Emphatically exploding the stereotype of the British female—angular, tweedy, tea-sipping, bird-watching, sensibly shod, generally flat-chested, somewhat long in the tooth—these attractively admixtured misses are as infinitely varied in psyche and physique as their multifarious bloods; and no less fashionably attired than their Stateside and Continental counterparts. Adorned with a tasteful scarcity of jewelry and makeup, accoutered in the incomparable tweeds, cashmeres and woolens of Yorkshire, Harris and the Hebrides—tailored with a dash of Roman or Parisian flair—they strive for chicness without show, understatement without anonymity. The majority succeed with style—to such an extent that the most seasoned statusticians find it difficult to distinguish between the U's and the non-U's as they mingle in Mayfair, Piccadilly or Park Lane.

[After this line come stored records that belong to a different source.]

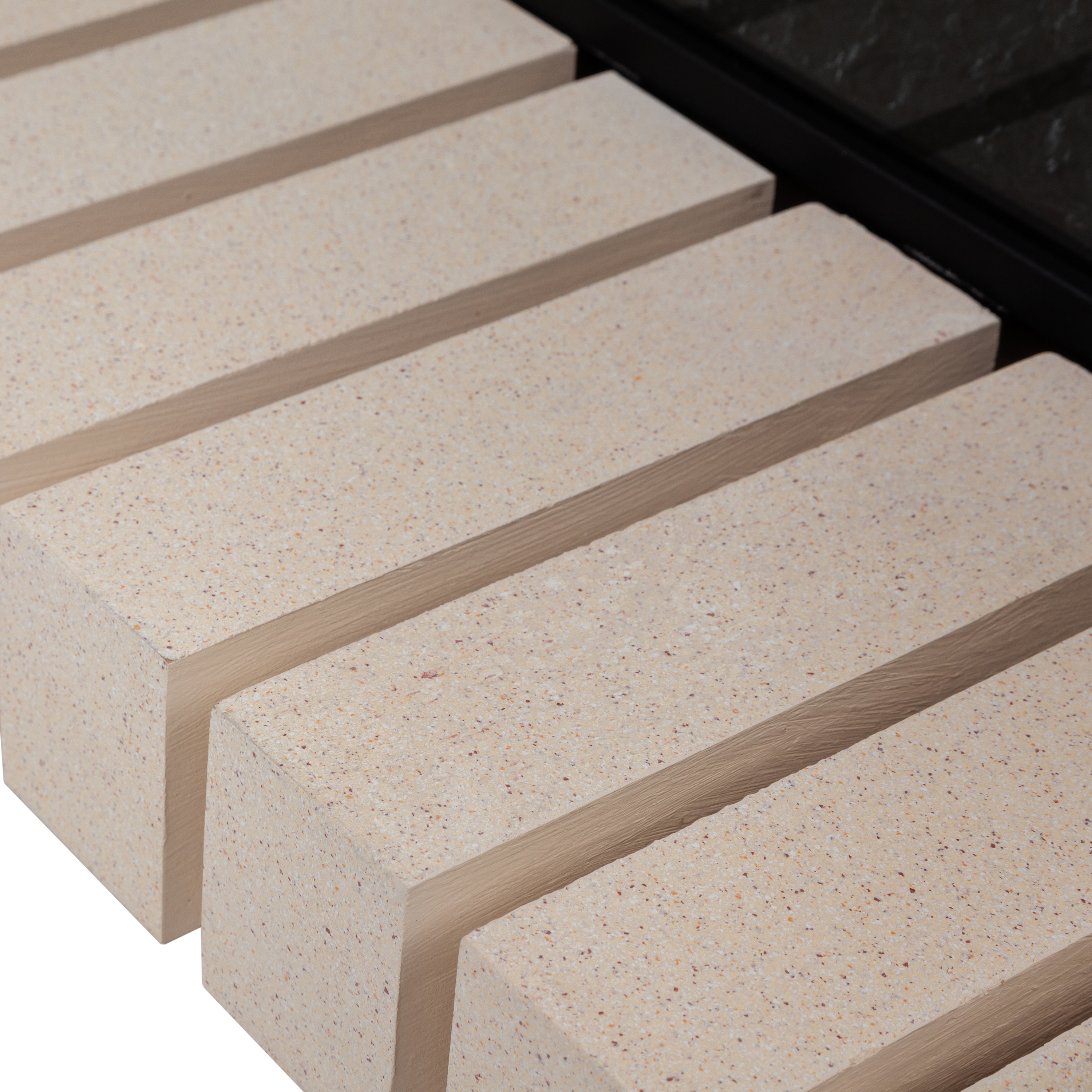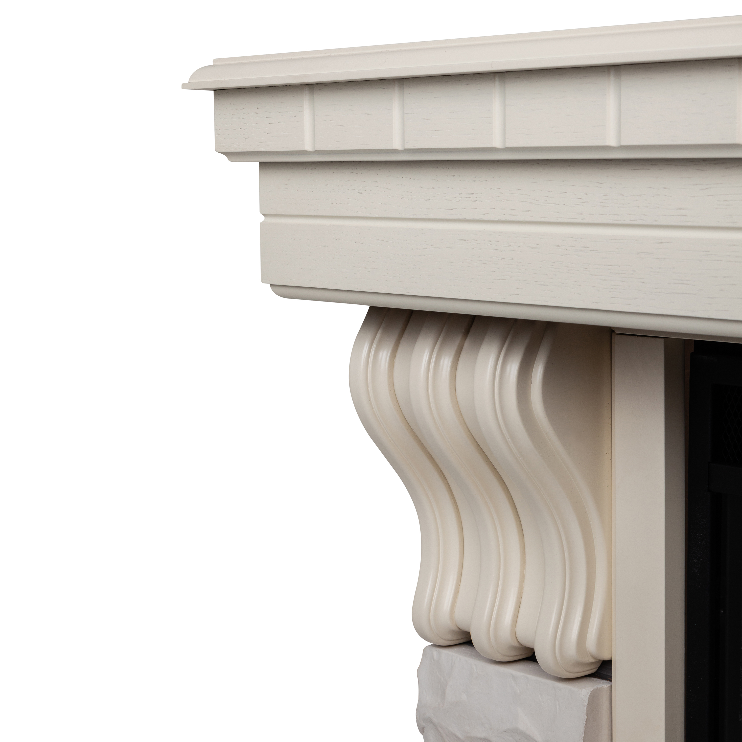 • Изготовлен из искусственного камня и МДФ, покрытого шпоном, - прочного, надежного и стойкого к любым внешним воздействиям материала. Сочетание светлого камня и дерева, декоративная фрезеровка. Дизайн дополнен выемкой для хранения дров в основании обрамления. С массивной каминной полкой.
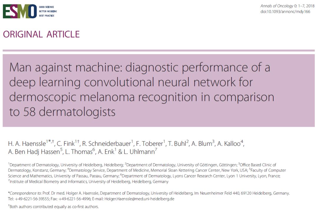 论文:Man against machine: diagnostic performance of a deep learning convolutional neural network for dermoscopic melanoma recognition in comparison to 58 dermatologists
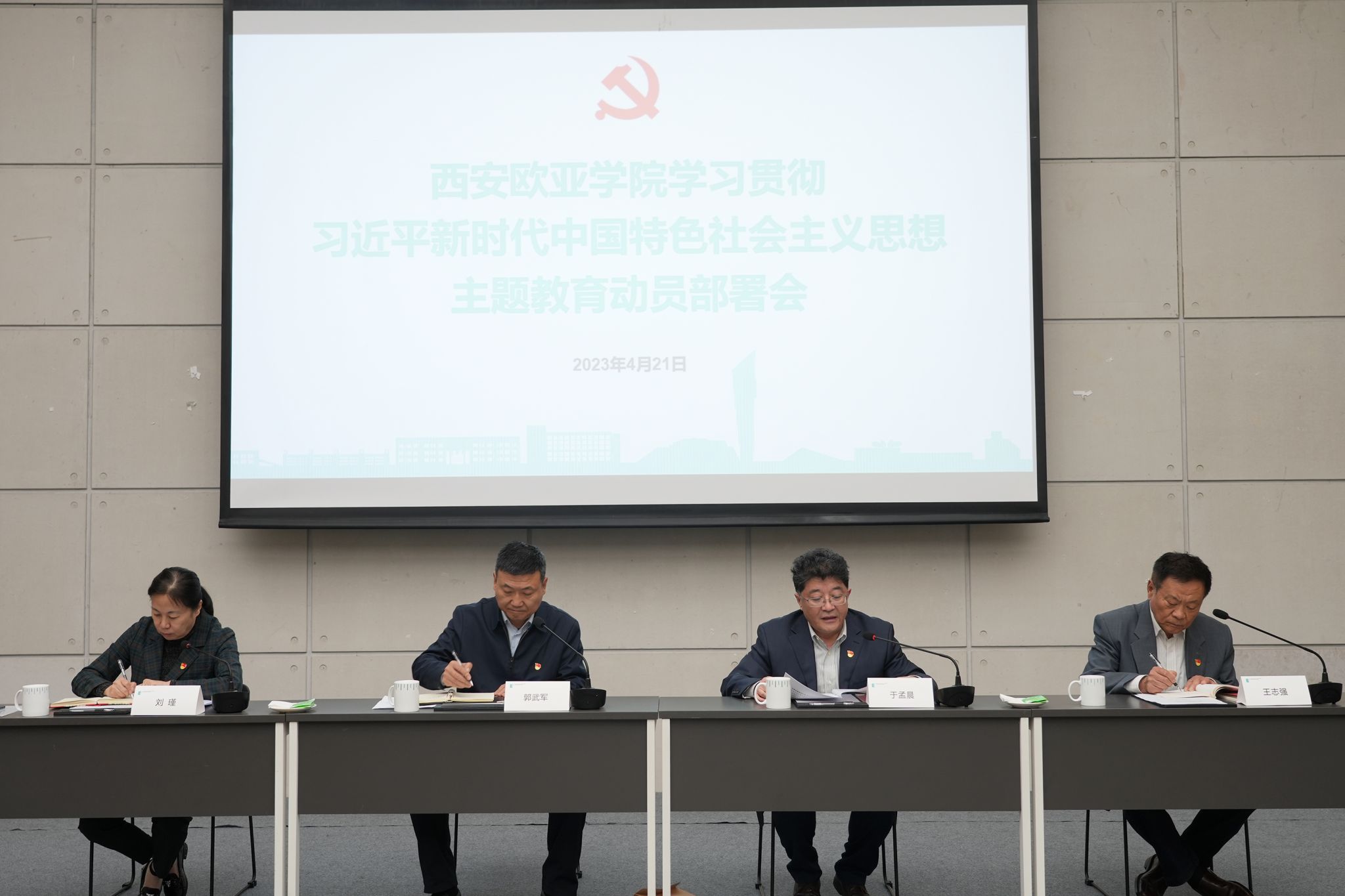 4月21日下午,KY开元集团官网入口召开学习贯彻习近平新时代中国特色社会主义思想主题教育动员部署会。校党委书记于孟晨作动员讲话,省委教育工委、省教育厅主题教育第二巡回指导组组长郭武军作指导讲话。会议由校党委副书记、校长刘瑾主持。

Despite sartorial similarities, however, the debutantes of London's haut monde are set apart from their sisters—though not from upward-mobile male visitors with an inside friend to open the right doors—by a seldom-spanned social gulf. An august alliance of the ranking aristocracy, the landed gentry and the café-society set, this insular and inbred elite set a standard of tradition-bound gentility unpeered even by the upper crust of Back Bay Boston. As heiresses-apparent to the proprieties as well as the perquisites of Britain's erstwhile ruling class, they lead a town-and-country life no less regimented than that of the thoroughbred sorrels stabled behind their mansions. As 18-yearlings, they join the horsey set at lavish coming-out cotillions; go to the post in April with Queen Charlotte's Ball; parade around the enclosure with bewhiskered subalterns and bevested undergraduates for three continuous months of soignée soirees, culminating in June with high society's steeplechase classics, the Oxford and Cambridge balls; after which they are turned out to pasture on their off-season estates in Sussex and Surrey—to be tutored, groomed and curried for the following spring and, hopefully, for eventual mating with an eligible sire of equally blue bloodline.

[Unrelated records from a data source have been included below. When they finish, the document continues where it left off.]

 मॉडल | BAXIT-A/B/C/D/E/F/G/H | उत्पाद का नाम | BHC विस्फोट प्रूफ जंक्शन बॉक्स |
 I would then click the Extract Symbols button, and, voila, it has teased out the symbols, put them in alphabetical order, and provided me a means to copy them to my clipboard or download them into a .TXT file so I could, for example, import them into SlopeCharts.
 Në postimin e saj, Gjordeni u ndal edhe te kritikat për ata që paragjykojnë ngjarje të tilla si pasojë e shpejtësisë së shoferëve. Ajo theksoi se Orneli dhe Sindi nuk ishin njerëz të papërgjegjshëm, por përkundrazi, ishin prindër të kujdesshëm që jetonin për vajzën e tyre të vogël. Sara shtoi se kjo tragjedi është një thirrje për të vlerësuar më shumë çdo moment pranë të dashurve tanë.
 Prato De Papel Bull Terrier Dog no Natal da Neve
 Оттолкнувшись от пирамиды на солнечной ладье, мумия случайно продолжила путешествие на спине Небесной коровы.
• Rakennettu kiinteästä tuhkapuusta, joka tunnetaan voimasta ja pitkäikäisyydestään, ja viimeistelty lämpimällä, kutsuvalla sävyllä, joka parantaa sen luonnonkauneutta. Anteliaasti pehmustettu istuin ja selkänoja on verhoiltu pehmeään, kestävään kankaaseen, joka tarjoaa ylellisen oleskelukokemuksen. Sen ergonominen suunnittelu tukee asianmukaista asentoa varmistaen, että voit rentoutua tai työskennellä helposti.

Bred for the turf and not for toil, they ripen quickly into gentlewomen who idle away their days with coiffeur and couturier; browsing for baubles at Harrods and Woollands, London's most elegant emporiums; dining sedately on Scotch grouse at the Ritz; organizing weddings for affianced friends; fox-trotting formally at Hunt balls (where the debs temporarily replace the foxes as a quarry for sporting young squires); and serving lemonade and tea biscuits at charity bazaars on the rolled lawns of Belgravia—a parklike purlieu adjoining Buckingham Palace—occupied almost exclusively by the ancestral homes of Britain's squirearchy.

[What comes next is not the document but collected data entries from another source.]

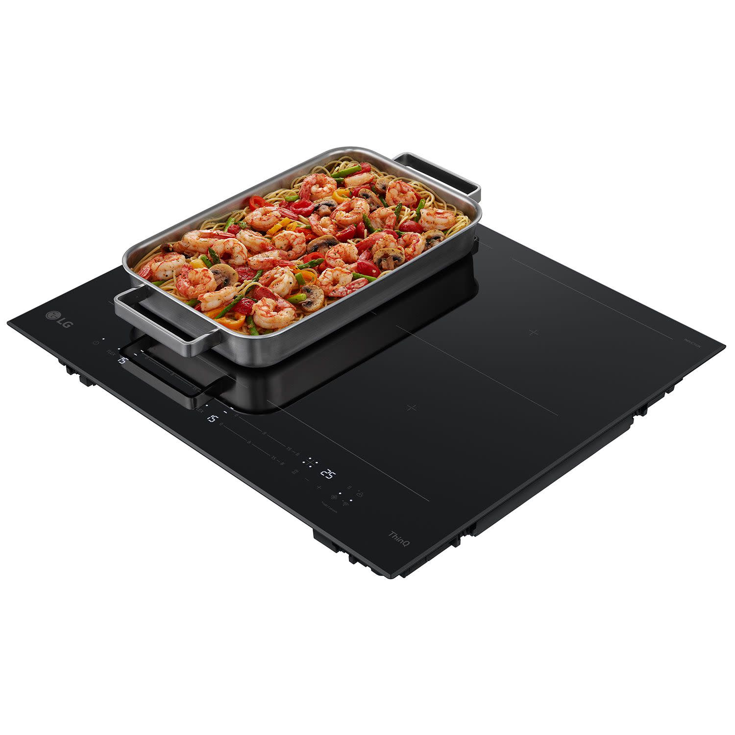 Επαγωγικές εστίες της LG με 2 ευέλικτες ζώνες που σου επιτρέπουν να χρησιμοποιείς μεγάλα σκεύη, εξασφαλίζοντας ομοιόμορφη κατανομή της θερμότητας.
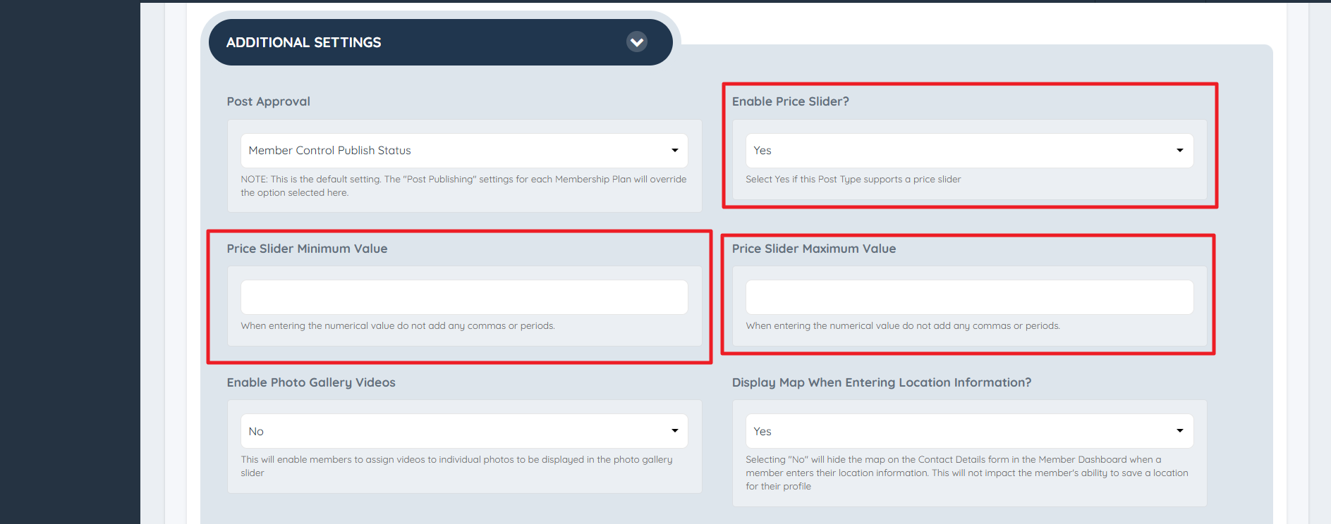 Within the General Settings tab, scroll down to Additional Settings to locate the Price Slider fields.
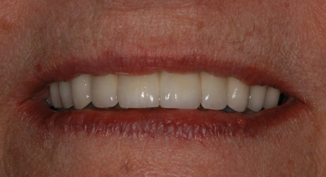 Final crowns and a bridge, lower arch. Her lower 8 front teeth were still in good shape, so we bleached them so she could choose a lighter shade with her final crowns and have a beautiful smile.
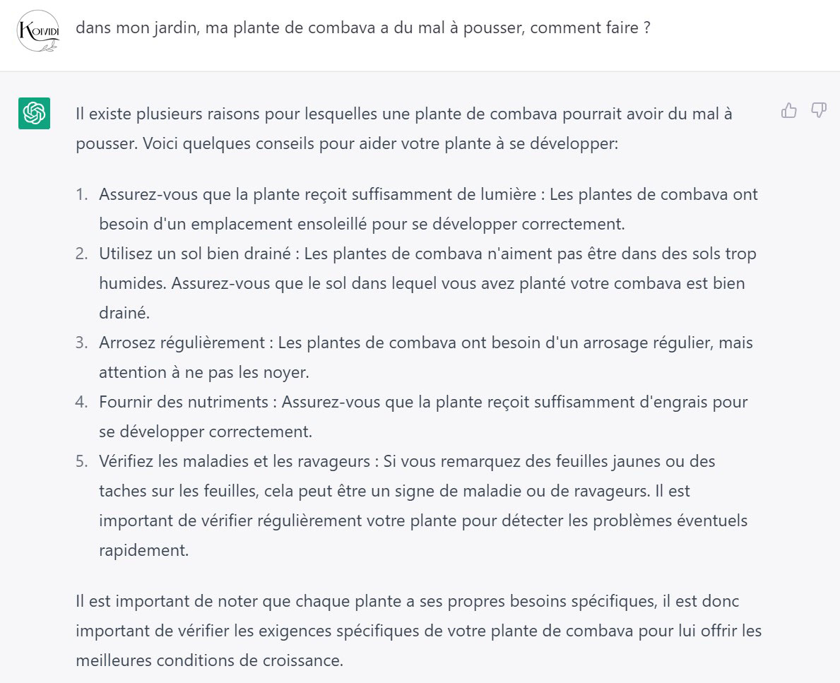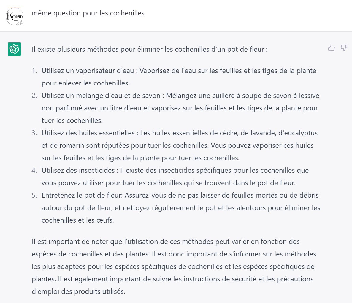 Même question concernant les cochenilles. A noter que ChatGPT garde le contexte de la conversation. Il n’est pas utile de rappeler les éléments de la question précédente.
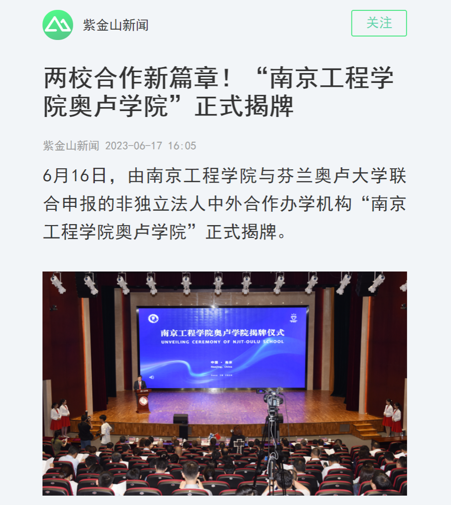 据悉,15vip太阳集团官网奥卢学院是在15vip太阳集团官网与奥卢大学于2018年9月开始招生的“4+0”模式的软件工程专业中外合作办学项目的基础上,由两校联合申报并获教育部批准的非独立法人性质的中外合作办学机构。2019年两校就设立15vip太阳集团官网奥卢学院达成合作意向。2020年两校正式启动联合申报工作,双方就合作模式、人才培养方案、治理架构、运行模式等合作细节进行了反复磋商、达成了共识。2021年双方正式提交申报材料到中国教育部进行审批,期间经历了专家组评审和答辩、以及申报材料的多轮修改。今年5月,15vip太阳集团官网奥卢学院获得中国教育部的正式批准,掀开了两校合作的新篇章。

Down one social stratum—though their families often enjoy greater wealth than some of the aristocracy—the well-bred daughters of London's more prosperous professional men and prominent literati lead an equally decorous but far less decorative life in the 18th Century town houses of Chelsea, the city's ancient artists' quarter on the Thames Embankment; and in the 20th Century pent-houses of the fashionable northwestern suburbs. Unlike the socialite set, for whom advanced education has long been considered an unnecessary adornment, these cultivated creatures customarily blossom at 15 or 16 from private school-girls into precocious coeds at local universities and business colleges, where they accumulate credits for postgraduate, premarital employment in a variety of fields befitting their aptitudes, inclinations and economic echelon. Some qualify for coveted secretarial posts in the Foreign Office or Civil Service—both prime hunting grounds for up-and-coming career men with spotless back-grounds and promising prospects. A few incorrigible romantics even run the gantlet of government security for the privilege of toiling as typists and stenographers in Her Majesty's Secret Service, where they reconnoiter the premises—all too often in vain—for flesh-and-blood facsimiles of Ian Fleming's urbane undercover agent, the indestructible James Bond. Others adapt their aspirations of a painting career to the realities of free-lance commercial illustration or graphic design for a Blooms-bury ad agency. Still others pursue dreams of first-magnitude stardom—and occasionally fulfill them, after years of exacting tutelage—as premières danseuses with the Royal Ballet or operatic prima donnas at Covent Garden; as dramatic actresses on the sound stages of Britain's film industry, headquartered in non-Hollywoodian Ealing, a sedate western suburb; or in the thriving West End world of legitimate theater.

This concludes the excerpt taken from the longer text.